= Dataset excerpt =
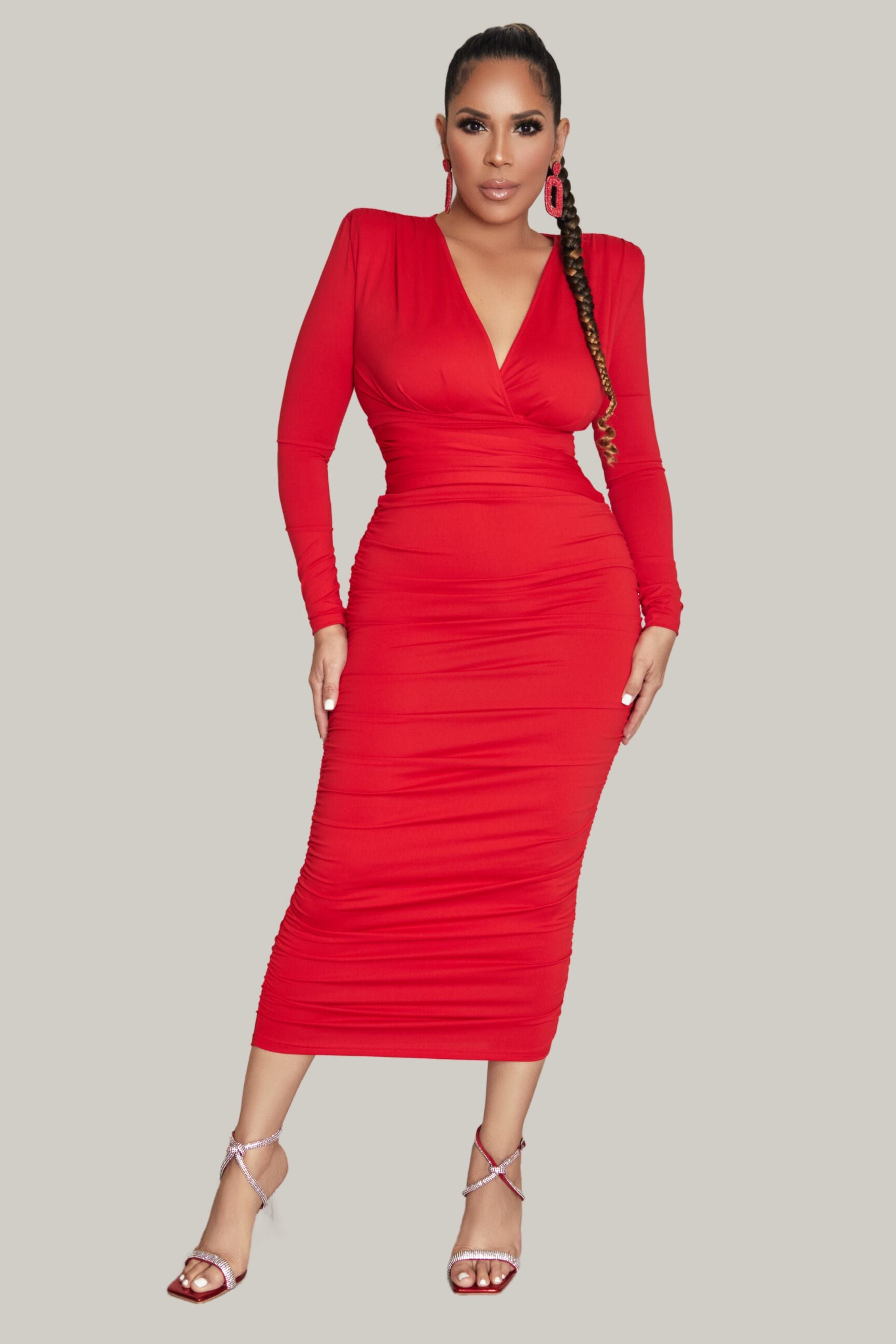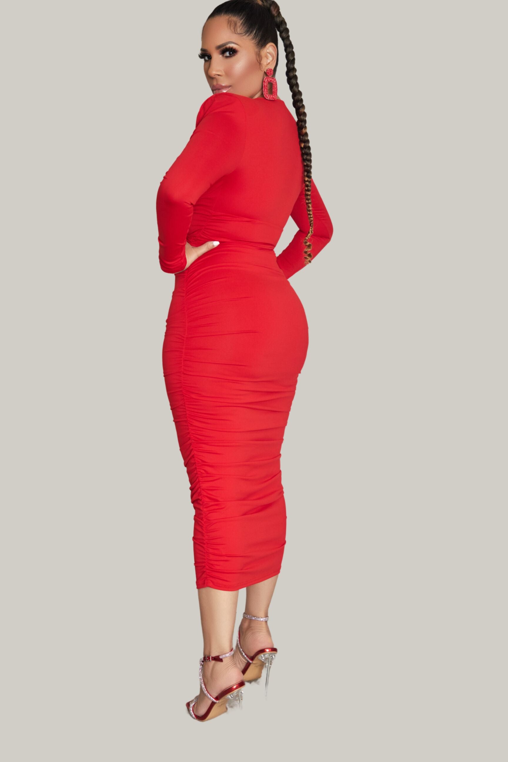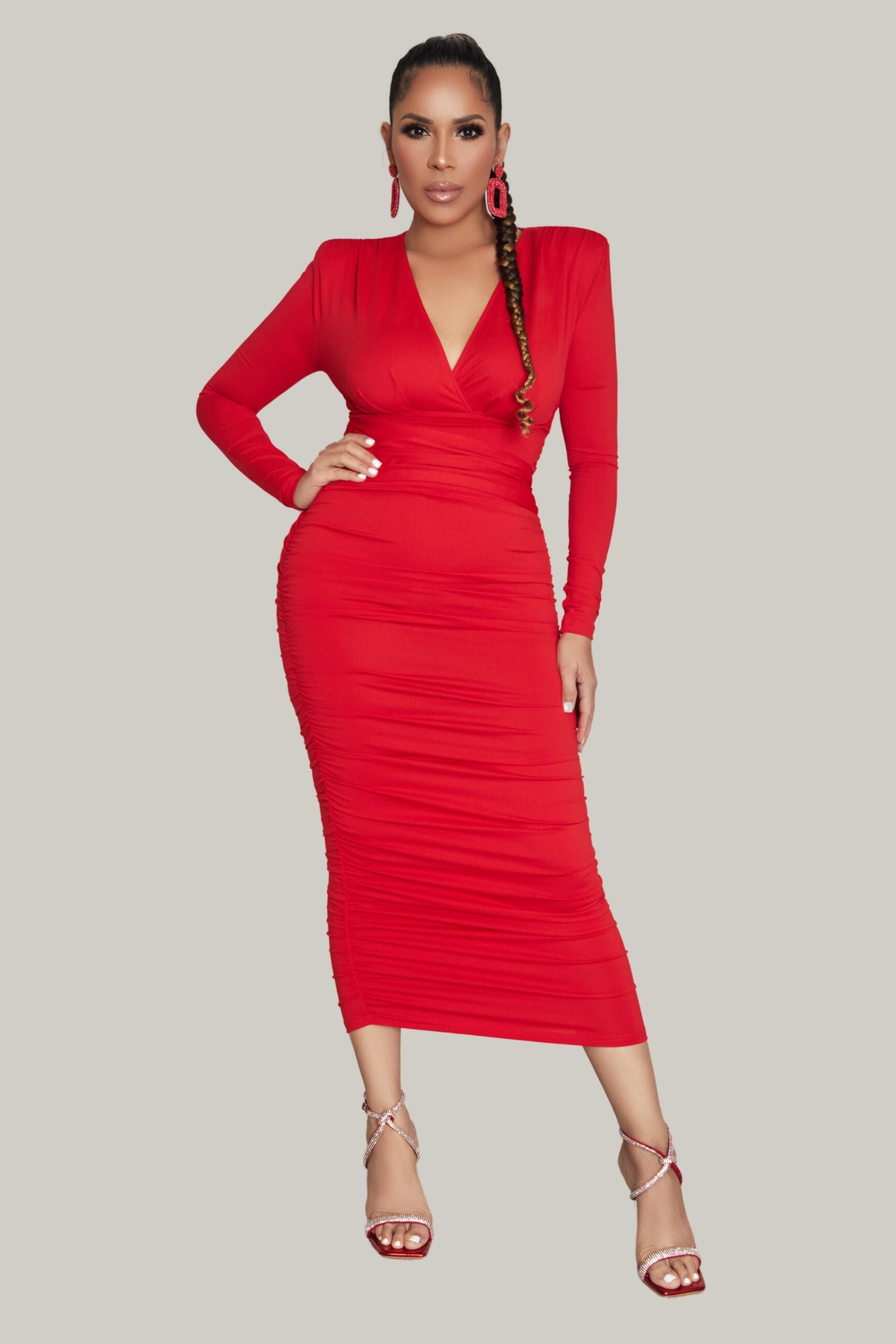 Crafted with a deep V neckline and long sleeves, this dress exudes sophistication while accentuating your curves. The ruched detailing along the bodice not only adds texture but also creates a flattering body slimming effect.
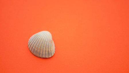 Gray seashell on a vivid orange table, copy space.
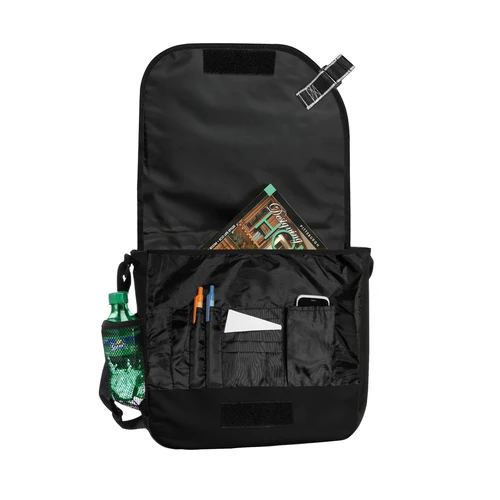 Maletín Portadocumentos de tela raquelada Polyester 600D modelo "Messenger", con solapa delantera, organizador interior y salida para auriculares.

= Problem details =
Exactly the lines from the one with "Gray seashell on" through the end of the listing above are to be repeated, with no pictures.

= The completed task =
 Gray seashell on a vivid orange table, copy space.
 Maletín Portadocumentos de tela raquelada Polyester 600D modelo "Messenger", con solapa delantera, organizador interior y salida para auriculares.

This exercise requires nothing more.